Re-evaluating what startups might be worth is now the foremost concern of all India’s vc firms. Funding hinges on assessing reserves, costs and the time needed to become profitable. In theory, this sort of information is available for all Indian firms because they are required to file public financial statements. But the system operates poorly. Of the 40 startups that have filed results for 2022 only three are profitable, according to Tracxn, a statistical service, and based on their annual spending, only five have enough cash to survive for over six months (see charts).

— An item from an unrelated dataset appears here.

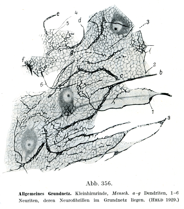 ヒトの小脳皮質.a~g樹状突起,1~6 神経突起(軸索突起),その神経原線維は基礎網のなかにある.(Held,1929)

In response to the tougher environment, costs are being cut. Inc42, an online publication tracking startups, counts 20,500 layoffs over the past year, probably foreshadowing a much bigger wave. Edtech has been especially hard hit, with 16 companies axing over 8,000 employees, the most coming at Byju, India’s most valuable startup, which is sacking 2,500 employees. A post-lockdown return to classrooms and low barriers to creating educational material online has raised doubts about the entire sector’s prospects.

Byju has other problems. It was accused in July of inappropriately aggressive accounting and sales policies, which it denies. Other startups have also come under fire. BharatPe (payments), Trell (social media) and Zilingo (supply-chain management) saw founders quit last year after fraud accusations. BharatPe’s founder denies the allegations as does Trell; Zilingo is investigating the claims. On January 18th Amit Bhasin, a co-founder of GoMechanic, a car-repair firm, admitted to “errors in judgment as we followed growth at all costs, particularly in regard to financial reporting, which we deeply regret” after it cut 70% of its workers.

These tribulations have brought the role of backers into question. Were firms sufficiently monitored? Were valuations credible? Sequoia Capital, a prominent Silicon Valley firm, has invested in GoMechanic, BahratPe, Trell, Zilingo and several edtech companies. It acknowledged in April the governance issues in various holdings and vowed to provide stricter oversight but has declined to comment further. Other foreign vc firms are rethinking how they approach India, too. A more diligent approach may be required.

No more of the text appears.